И, прижимаясь лицом к оставленному им кожуху, резко пахнущему Пятрасовым потом, я повторяю:
— Свидимся, Пятрас. Обязательно, обязательно свидимся!
Первый отдых
Отпас
— Ребятишки, а ребятишки! Полно валяться в постели, бегите-ка натереть буренке соломы!
И опять мы спросонья бежим в заметенные снегом сенцы, а потом уж садимся завтракать сами.
Со стороны поглядеть, так словно бы я и не уходил из дома, не привез заработанного мною харча — словом, ничего такого не было, не случилось, и в курной избенке добросердечного Тякониса жизнь идет по-старому.
Только сама эта избенка кажется будто иной — так она обветшала, осела, бока ее так покосились, что больно смотреть.

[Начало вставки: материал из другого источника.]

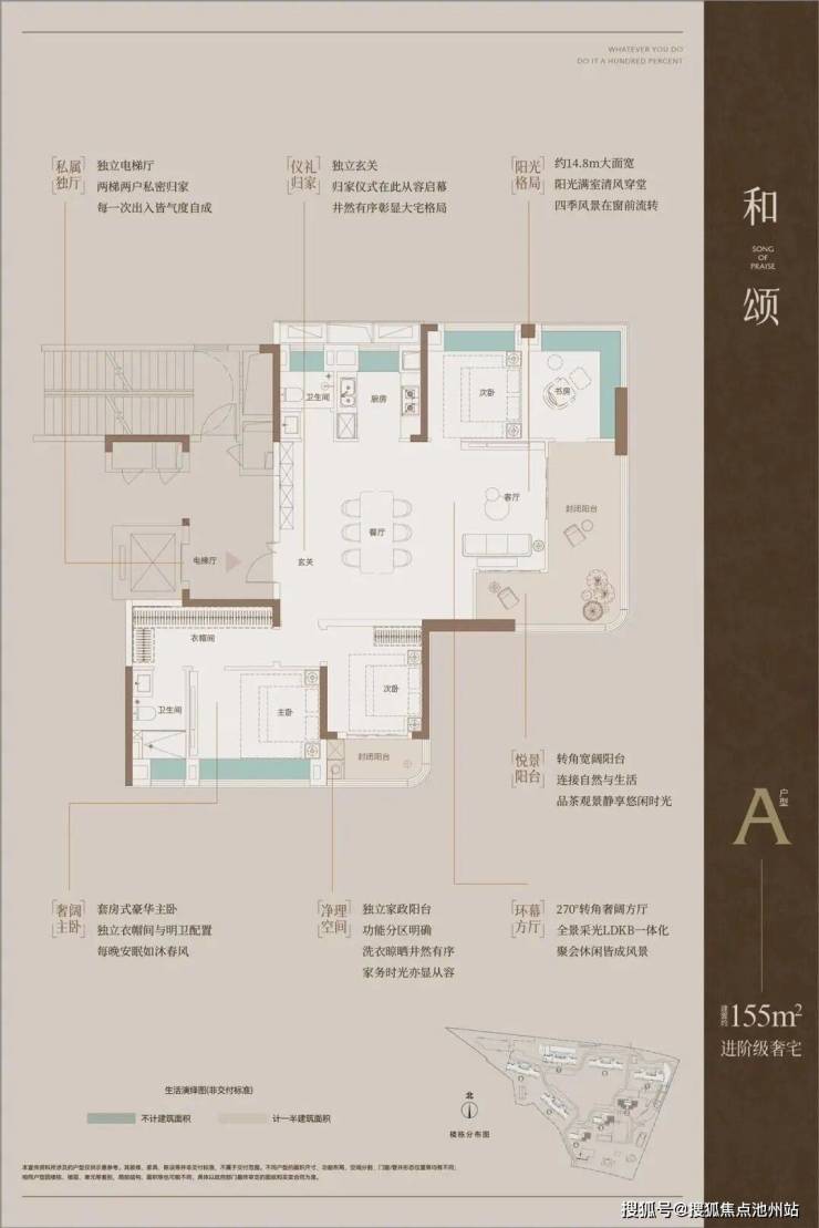 招商·原颂建面约155㎡户型,因户均赠送约11㎡阳台空间,综合得房率高达约95%。折算成实际可使用的套内面积单价,其价值优势将更为突出。

И когда мы с хозяином въехали во двор, я долго-долго не мог постичь, как же в этой избенке умещались мы все да еще буренка в сенцах: и мала-то, и низка, и тесна неимоверно наша избенка.
Лявукас тоже вроде как другой, кривоногий какой-то, с вытянувшейся шеей. Щетинится, дуется с первого дня моего приезда, ходит бочком, поближе к стене, словно боится дотронуться, косится отчужденными глазами и фырчит:
— Ты тут не больно, не больно-то… И-ишь ты, подпасок! Когда захочу, я не то что подпаском, я главным пастухом заделаюсь. — Постоит молча, а потом снова: — Получил за пастьбу два мешочка картошки, эка важность! Наш тятя заработал четыре, да не мешочка, а мешка, а на тот год шесть заработает, а ты опять только два… Не задавайся…
Сестренка Маре помалкивала, но видать было: она заодно с Лявукасом.
И отец другой. Как только меня привезли, он поставил заработанные мною мешки рядом со своими и спросил маму:
— Видишь, мать?
— Как же не видеть.
Но отец не унялся и опять спросил:
— Нет, мать, я тебя спрашиваю, говори: видишь ты или не видишь?
И лишь после того как мама еще раз подтвердила, что она в самом деле видит, отец успокоился и сказал:
— Теперь ты видишь, что был в нашей избенке один кормилец, а с этого времени будет двое кормильцев. А, мать?
Кивнув головой, мама весело поддакнула отцу.
— А когда так, — продолжал отец, — так чего нам в эту Бразилию? Своими костьми крокодилов откармливать? Нет, кто хочет, тот пускай едет, а нас теперь двое кормильцев. И ты, мать, не уговаривай меня в Бразилию, — понятно?
— И слава богу…
— Я так полагаю, — не унимался отец, — если Тяконис честно уплатит все, что мною заработано, а буренка отелится, то, может, одного сына в учение, а, мать? Посвятим в духовный сан, и пусть его служит обедни, проповеди шпарит. У алтаря — это тебе не с хозяйскими свиньями: ни под дождем ты, ни на ветру. Хочешь в ксендзы, Лявукас?